Former Maine Governor Angus King, an independent, looks formidable in his bid for retiring Republican Senator Olympia Snowe's old seat in the world's most deliberative body. He's yet to decide which party he'll caucus with should he win in November -- Republicans seem pretty confident that the Obama '08 voter will go Democratic, though he also voted for George W. Bush -- but in an interview just now, he suggested it would have a lot to do with landing a plum committee spot and having as much influence as possible.
"I haven't discussed it with anybody in Washington," he said. "I haven't talked with any of the leadership or staff of either party or anybody in Congress, and i haven't made up my mind. If I have 'em throroughly confused, I'm probably [being] successful."

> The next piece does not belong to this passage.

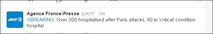 Όπως μετέδωσε πριν από λίγο το Γαλλικό Πρακτορείο περισσότεροι από 300 τραυματίες νοσηλεύονται στα νοσοκομεία μετά από τις τρομοκρατικές επιθέσεις που σημειώθηκαν στο Παρίσι. Από αυτούς οι 80 βρίσκονται σε κρίσιμη κατάσταση.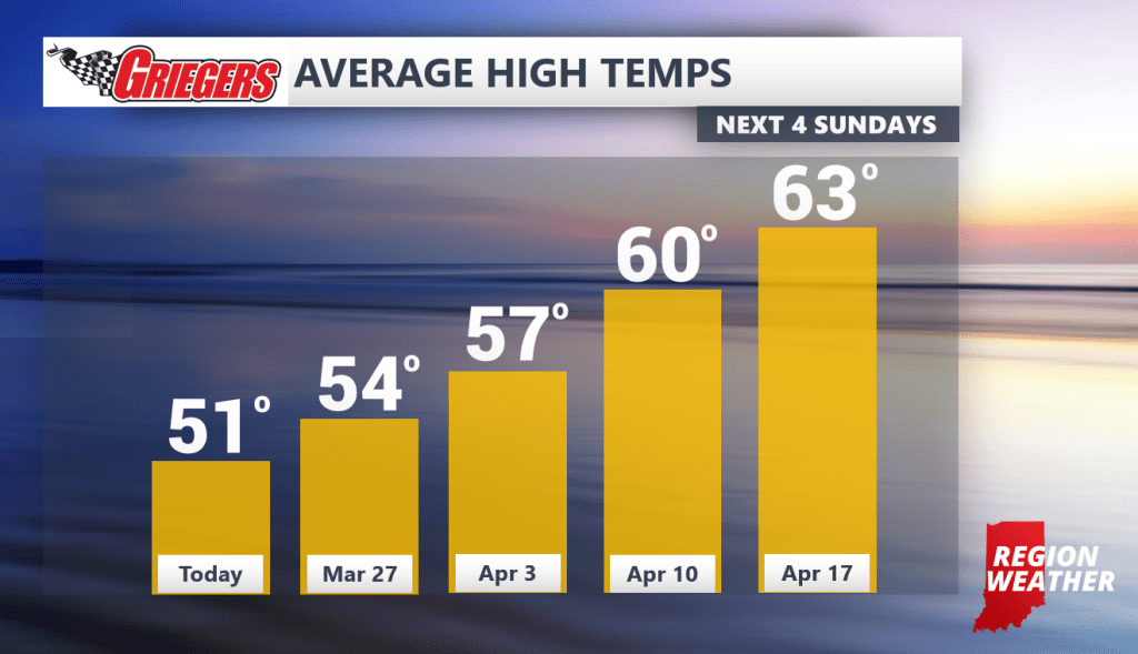 We see the fastest increase in our average highs this time of year as that sun angle continues to get higher in the sky and the sun provides exponentially more energy locally than it did in the winter. We’re gaining 3 degrees per week on our averages and soon 60-70 degree days will be common! Join us for our Region Weather LIVE broadcast later this evening to talk warmer days and even some thunderstorms this week!

Democrats have a 53 to 47 majority in the Senate at the moment, but will struggle to hold on to seats in red states like Nebraska and North Dakota, where their incumbent Senators are retiring. Losing just one more seat -- like Claire McCaskill's in Missouri -- would put Dems in a bind. Will King come to their rescue?
"I'm gonna make that decision when I get down there," he said.

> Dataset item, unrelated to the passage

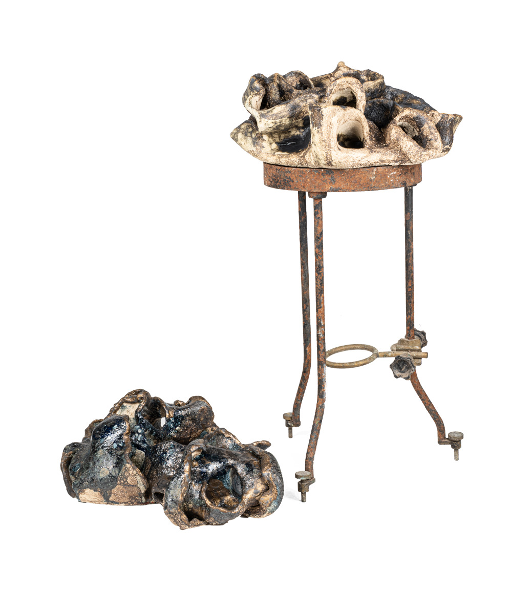 A Custom Designer Ceramic Ornaments with a rustic stand.

He sounded an awful lot like a Democrat, ripping the Supreme Court's Citizens United decision and opining about the resulting influence of big money in politics.
"This is a deadly serious issue. It's distorting our democracy."
Likewise, the governor's take on the questions being raised about Mitt Romney's private equity firm Bain Capital could have come out of just about any Democrat's mouth.
"If Governor Romney is holding himself forward as a successful business man able to help devleop the economy, then he has to be prepared for examination of his business career," he said. "You can't have it both ways. That can't be a basic part of your platform and then say 'Wait a minute, it's unfair to examine what exactly I did in business.' It's like a guy saying he's all for family values but 'Don't say anything about my family.'"
With Maine certain to go for Obama in the fall, it's only sensible for the governor to curry favor with Democrats. But whether he'll caucus with them depends on how they fare nationally in November.